His sense of union with and relationship to all living things was as much a part of him as the color of his eyes and hair; he did not have to remind himself of it, as a religious duty.
He experienced a keen joy in nature and in the innocent, childlike pleasures of everyday things, and at the same time possessed a splendid intellect.
All consciousness of sin or evil had been erased from his mind and actually had no place in his life.
ALFRED, LORD TENNYSON
In the case of Lord Tennyson, we have a definite recognition of two distinct states of consciousness, finally culminating in a clear experience of cosmic consciousness; this experience was so positive as to leave no doubt or indecision in his mind regarding the reality of the spiritual, and the illusory character of the external life.
In truth Tennyson had so fixed his consciousness in the spiritual rather than in the external, that he looked out from that inner self, as through the windows of a house; he was prepared, as he said, to believe that his body was but an imaginary symbol of himself, but nothing and no one could persuade him that the real Tennyson, the I am consciousness of being which was he, was other than spiritual, eternal, undying.
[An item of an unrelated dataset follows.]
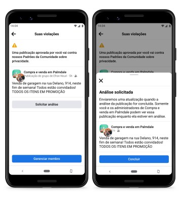 Agora, os administradores podem fazer uma apelação de violações referentes a conteúdo publicado ou aprovado por eles ou por outros administradores, bem como conteúdo de membros. Essas apelações serão analisadas pelo Facebook para garantir que a decisão certa seja tomada.
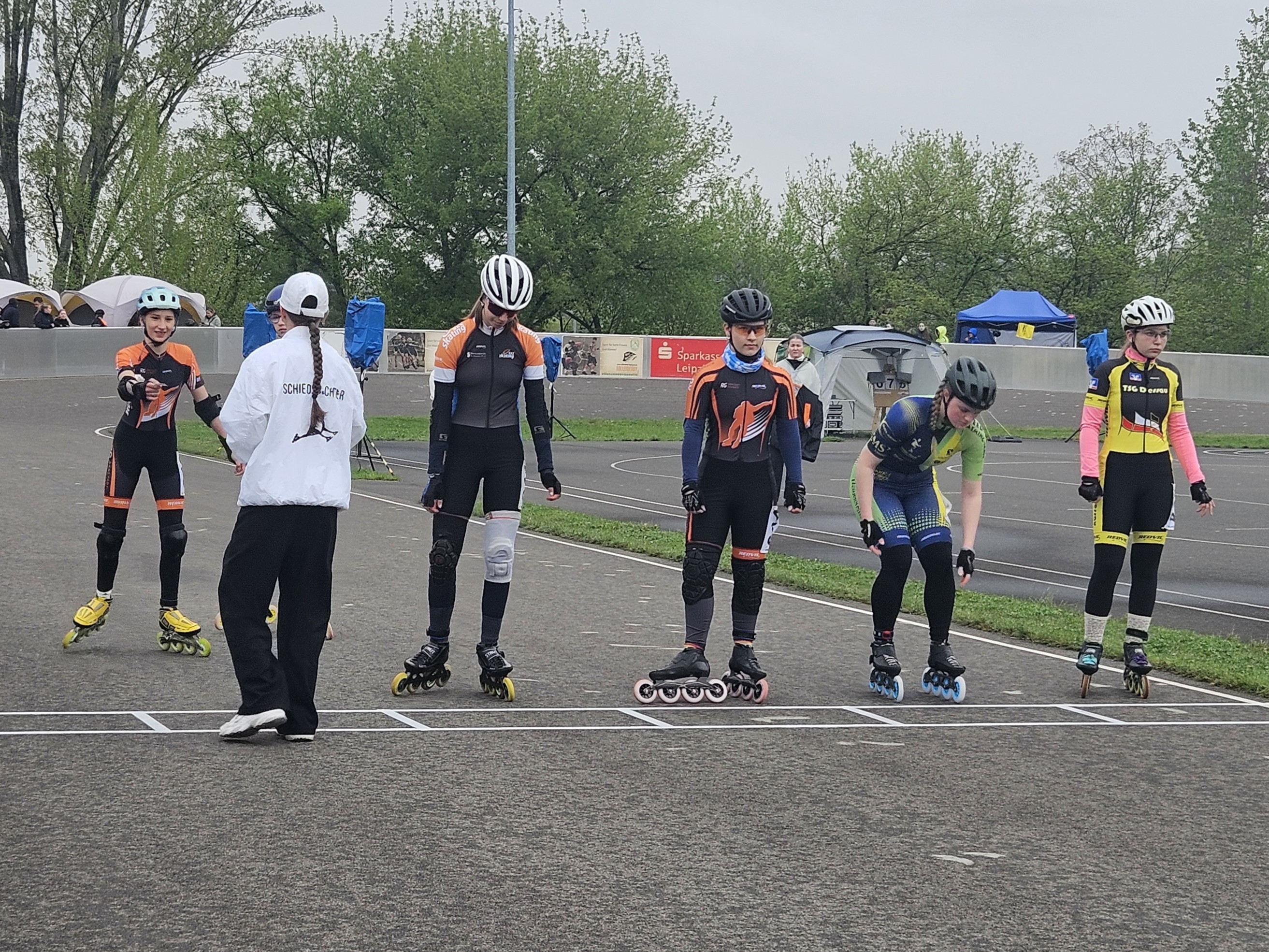 Sonntag sollten nun auch die Fitness / Breitensportler und Masters in den Wettkampf starten, dafür hatten die Anfänger und C Schüler schon Wochenende. Bei nicht ganz so schlechtem Wetter wie zunächst angekündigt, begaben wir uns wieder in Richtung Leipzig. Vorsichtiger Optimismus machte sich breit, den Tag vielleicht doch ohne große Regenschauer zu überstehen. Gleich zu beginn zeigte sich Emil mutig und ausgeschlafen über seine 1.000m Langstrecke. Er hielt in der Spitzengruppe mit, griff den Zweitplatzierten an, überholte ihn und konnte seinen 2. Platz unter großem Kampf ins Ziel retten. Nun durften unsere Breitensport Damen an den Start. Gleich drei Mädels trugen dabei die Farben des Speedskating Arnstadt. Mit Klara und Sarah-Jane zwei „alte Hasen“ aber mit Valerie auch eine Novizin. Natürlich war sie sehr aufgeregt. Alles war für sie neu, das Wettkampfumfeld, die Bahn, ihre Gegner. Nicht Letzte werden, Spaß haben und nicht stürzen, waren die drei Ziele und sie wurden erreicht. Klara konnte sich in dieser Kategorie über Platz 2 freuen und Sarah belegte einen Platz im hinteren Mittelfeld. Besonders Valerie bekam bei ihrem ersten Wettkampf gleich das volle Programm geboten und durfte, ebenso wie ihre Mannschaftskollegen, die Langstrecke bei Regen und auf Regenrollen absolvieren. Hektisches Umschrauben der Rollen war jetzt an der Tagesordnung. Auch Martha kämpfte tapfer in ihrem 2.000m Punkterennen mit den Bedingungen und um eine gute Platzierung. Ebenso mühten sich Ben, Alina und Helene auf den Langstrecken sehr. Das Wetter wurde nun zunehmend schlechter, aus Niesel wurde Regen und schließlich goss es in Strömen. Besonders Hannes erwischte es noch zum guten Schluss im abschließenden Staffelrennen. Unsere Schiris waren auch nicht zu beneiden. Trotz Regenponcho waren Hannah und Michi nass bis auf die Haut. Die Siegerehrungen konnten dann auch nur im Schutz des großen „Meeting Point“ Zeltes durchgeführt werden. Unsere Bahnzelte waren so durchweicht, dass wir uns entschieden sie vor Ort zu lassen und bei besserem Wetter abzuholen. Danke an die Leipziger für diese Möglichkeit.

Like so many others, notably Whitman, who have realized a more or less full degree of cosmic consciousness, Tennyson was deeply and reverently religious, although not partisanly connected with church work. Tennyson’s early boyhood was marked by experiences which usually befall persons of the psychic temperament. As he himself described these states of consciousness, they were moments in which the ego transcended the limits of self consciousness and entered the limitless realm of spirit.
They do not tabulate with the ordinary trance condition of the spiritualistic medium, who subjects his own self consciousness to a “control,” although Tennyson always believed that the best of his writings were inspired by, and written under “the direct influence of higher intelligences, of whose presence he was distinctly conscious. He felt them near him and his mind was impressed by their ideas.”
The point which we emphasize is that these peculiar states of consciousness are not synonymous with the western idea of trance as seen in mediumship, although Tennyson uses the term “trance” in describing them.
He says:
“A kind of walking trance I have frequently had, quite up from boyhood, when I have been all alone. This has often come upon me through repeating my own name to myself silently until all at once, as it were, out of the intensity of the consciousness of individuality, the individuality itself seemed to dissolve and fade into boundless being.”
It is a fact that children of a peculiarly sensitive or psychic temperament seem to have strange ideas regarding the name by which they are called, and not infrequently become confused and filled with an inexplicable wonderment at the sound of their own name. This phenomenon is much less rare than is generally known.